If a bank, insurance company, broker or other financial institution does international business, it should carefully examine new regulations that came into effect on August 16, 2010. These regulations, the Iranian Financial Sanctions Regulations (IFSR), 31 C.F.R. Part 561, implement Section 104 of the Comprehensive Iran Sanctions, Accountability, and Divestment Act of 2010, which President Obama signed into law on July 1. See http://www.treas.gov/offices/enforcement/ofac/legal/regs/fr75_49836.pdf.
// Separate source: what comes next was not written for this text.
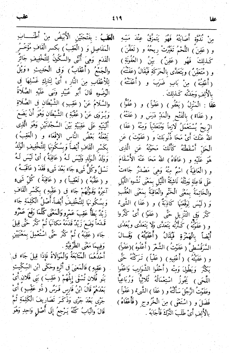 أَيْ أَخَّرْتُ لِأَعْلَمَ آخِرَ أَمْرِهِمْ وَقِيلَ مَا جَهِلْتُ بَعْدَهُمْ وَسَافَرْتُ وَخُلِّفَ فُلَانٌ بِعَقِبِي أَيْ أَقَامَ بَعْدِي وَعَقَّبْتُ زَيْدًا عَقْبًا مِنْ بَابِ قَتَلَ وَعُقُوبًا جِئْتُ بَعْدَهُ وَمِنْهُ سُمِّيَ رَسُولُ اللَّهِ - صَلَّى اللهُ عَلَيْهِ وَسَلَّمَ - الْعَاقِبَ لِأَنَّهُ عَقَبَ مَنْ كَانَ قَبْلَهُ مِنْ الْأَنْبِيَاءِ أَيْ جَاءَ بَعْدَهُمْ وَرَجَعَ فُلَانٌ عَلَى عَقِبِهِ أَيْ عَلَى طَرِيقِ عَقِبِهِ وَهِيَ الَّتِي كَانَتْ خَلْفَهُ وَجَاءَ مِنْهَا سَرِيعًا وَالْمَعْنَى الثَّانِي إدْرَاكُ جُزْءٍ مِنْ الْمَذْكُورِ مَعَهُ يُقَالُ جَاءَ فِي عَقِبِ رَمَضَانَ إذَا جَاءَ وَقَدْ بَقِيَ مِنْهُ بَقِيَّةٌ وَيُقَالُ إذَا بَرِئَ الْمَرِيضُ وَبَقِيَ شَيْءٌ مِنْ الْمَرَضِ هُوَ فِي عَقِبِ الْمَرَضِ وَأَمَّا عَقِيبٌ مِثَالُ كَرِيمٍ فَاسْمُ فَاعِلٍ مِنْ قَوْلِهِمْ عَاقَبَهُ مُعَاقَبَةً وَعَقَّبَهُ تَعْقِيبًا فَهُوَ مُعَاقِبٌ وَمُعَقِّبٌ وَعَقِيبٌ إذَا جَاءَ بَعْدَهُ.

The IFSR are designed to choke off financial support for Iran, and particularly its nuclear ambitions. The regulations operate either by restricting or outright banning U.S. financial institutions from maintaining correspondent accounts or "payable-through accounts" for foreign financial firms that do business with designated Iranian banks, organizations and individuals. Seeking an extraterritorial impact, the U.S. government hopes that non-U.S. firms will value their access to the U.S. financial system and discontinue targeted types of Iran-related business. On August 17, OFAC updated its SDN list with names and identifiers for 49 persons (individuals and entities) meeting the IFSR criteria. See http://www.treas.gov/offices/enforcement/ofac/actions/20100816.shtml. U.S. financial institutions should begin screening for these entities immediately.
While IFSR are final rules, OFAC has encouraged the submission of comments. Comments are due on October 15, 2010.